What the task asks: Would you copy exactly the lines in the data below from the one that has "2022年12月18日,由外" through the one that has "计生用品 正品尚牌水公主玻尿酸避孕套100只装超薄001免洗安全套套子男女用", dropping any pictures?

Provided records:
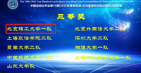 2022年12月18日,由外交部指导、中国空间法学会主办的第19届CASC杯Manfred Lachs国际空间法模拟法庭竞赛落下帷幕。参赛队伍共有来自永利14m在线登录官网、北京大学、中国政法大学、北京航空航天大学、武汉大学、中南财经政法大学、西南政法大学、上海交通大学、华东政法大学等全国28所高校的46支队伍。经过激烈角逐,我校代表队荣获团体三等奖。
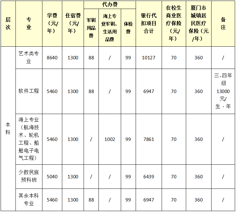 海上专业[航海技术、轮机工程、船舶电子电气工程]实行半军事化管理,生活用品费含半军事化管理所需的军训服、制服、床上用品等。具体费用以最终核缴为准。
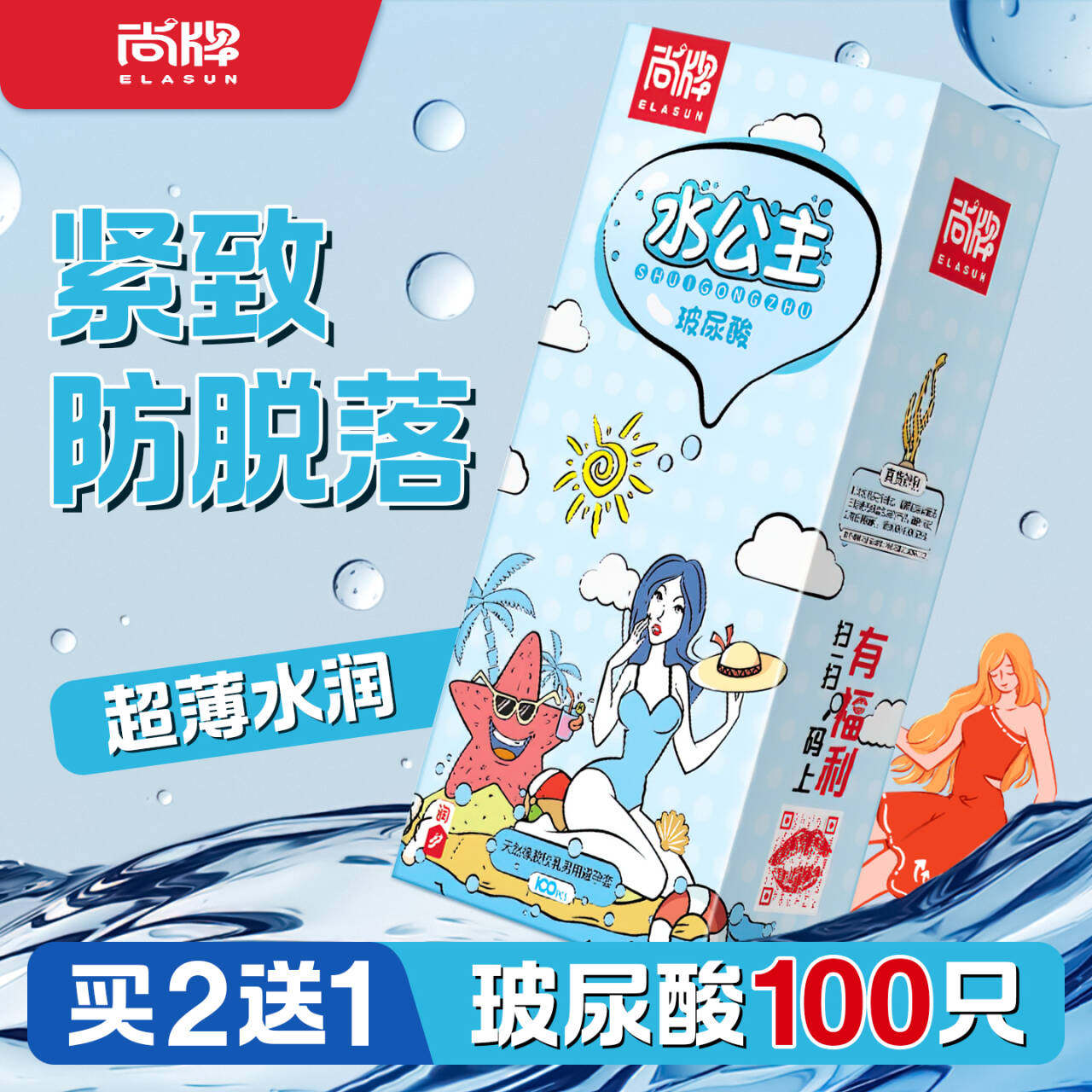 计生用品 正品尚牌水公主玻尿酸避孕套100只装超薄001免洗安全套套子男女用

--

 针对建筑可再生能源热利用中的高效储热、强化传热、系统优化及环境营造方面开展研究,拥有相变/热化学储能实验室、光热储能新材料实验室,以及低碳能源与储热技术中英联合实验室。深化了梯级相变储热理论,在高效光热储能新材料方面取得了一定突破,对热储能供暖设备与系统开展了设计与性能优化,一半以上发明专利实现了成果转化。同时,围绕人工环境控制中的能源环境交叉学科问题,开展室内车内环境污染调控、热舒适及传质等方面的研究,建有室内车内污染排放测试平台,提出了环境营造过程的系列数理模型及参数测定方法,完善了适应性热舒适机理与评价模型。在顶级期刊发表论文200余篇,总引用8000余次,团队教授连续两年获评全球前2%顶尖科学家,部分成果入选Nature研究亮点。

Result of this task:
 2022年12月18日,由外交部指导、中国空间法学会主办的第19届CASC杯Manfred Lachs国际空间法模拟法庭竞赛落下帷幕。参赛队伍共有来自永利14m在线登录官网、北京大学、中国政法大学、北京航空航天大学、武汉大学、中南财经政法大学、西南政法大学、上海交通大学、华东政法大学等全国28所高校的46支队伍。经过激烈角逐,我校代表队荣获团体三等奖。
 海上专业[航海技术、轮机工程、船舶电子电气工程]实行半军事化管理,生活用品费含半军事化管理所需的军训服、制服、床上用品等。具体费用以最终核缴为准。
 计生用品 正品尚牌水公主玻尿酸避孕套100只装超薄001免洗安全套套子男女用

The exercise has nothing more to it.